Repeat exactly what runs from the line containing "De acordo com" through the last line of the material below. Do not copy the pictures.
■ ■ ■ ■ ■
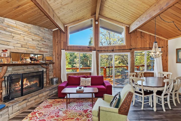 Discover Birdsong Cabin, the perfect cozy retreat in the heart of Big Bear. This chalet, nestled in the woods, is just a short walk from Bear Mount...
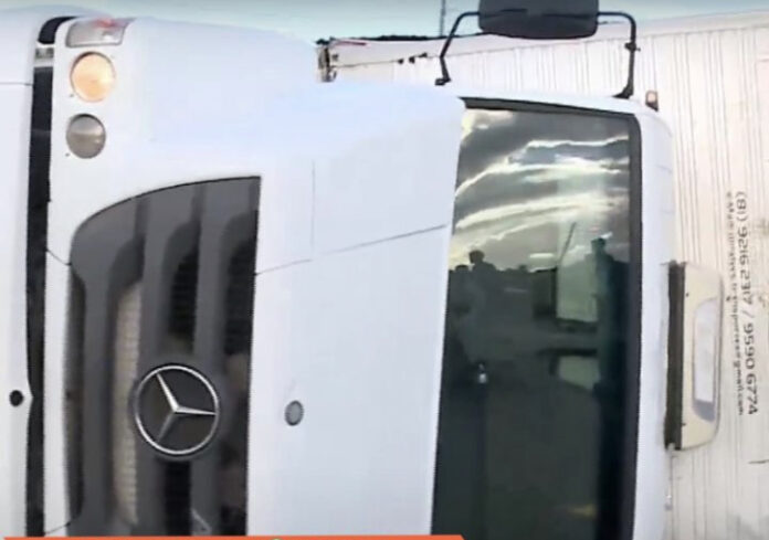 De acordo com a Polícia Rodoviária Federal (PRF), o motorista tentou desviar de um motociclista, quando perdeu o controle e o veículo tombou. O condutor teve ferimentos leves e foi atendido ainda no local.
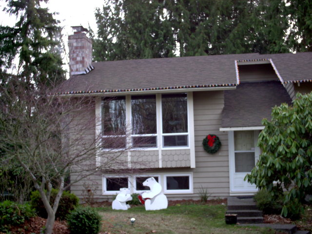 Just for fun, some Christmas decorations on the house. I rebuilt the bears this year because they kept falling over and breaking. So far so good, they survived the big wind storm from last week without any problems.
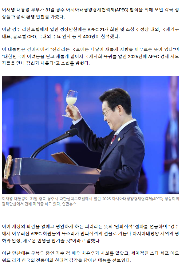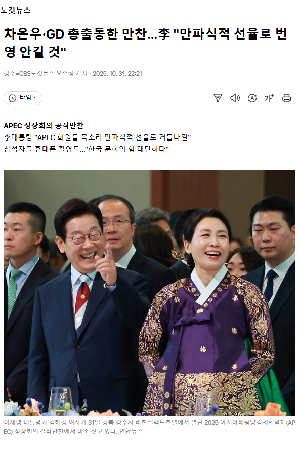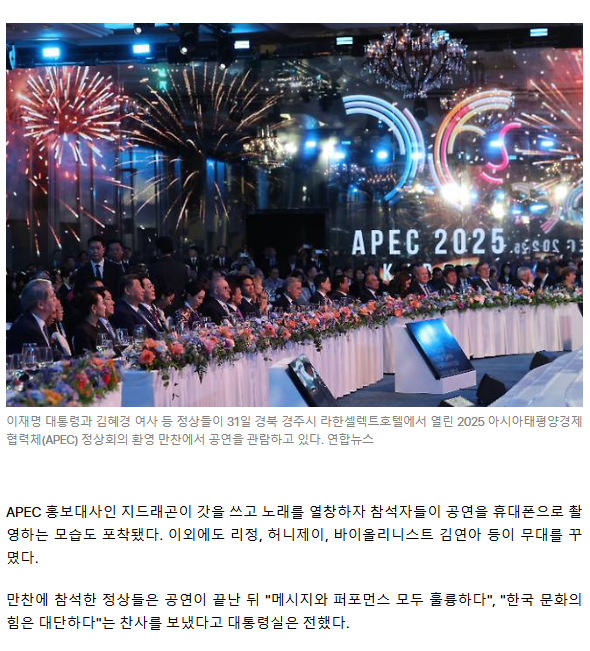 차은우·GD 총출동한 만찬… 李 "만파식적 선율로 번영 안길 것"
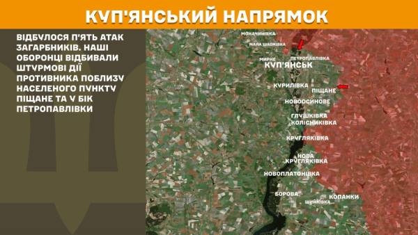 На Куп’янському напрямку сталося п’ять ворожих наступів. Сили оборони стримували штурмові дії біля Піщаного та в напрямку Петропавлівки.
■ ■ ■ ■ ■
> [EXERCISE ANSWER]
 De acordo com a Polícia Rodoviária Federal (PRF), o motorista tentou desviar de um motociclista, quando perdeu o controle e o veículo tombou. O condutor teve ferimentos leves e foi atendido ainda no local.
 Just for fun, some Christmas decorations on the house. I rebuilt the bears this year because they kept falling over and breaking. So far so good, they survived the big wind storm from last week without any problems.
 차은우·GD 총출동한 만찬… 李 "만파식적 선율로 번영 안길 것"
 На Куп’янському напрямку сталося п’ять ворожих наступів. Сили оборони стримували штурмові дії біля Піщаного та в напрямку Петропавлівки.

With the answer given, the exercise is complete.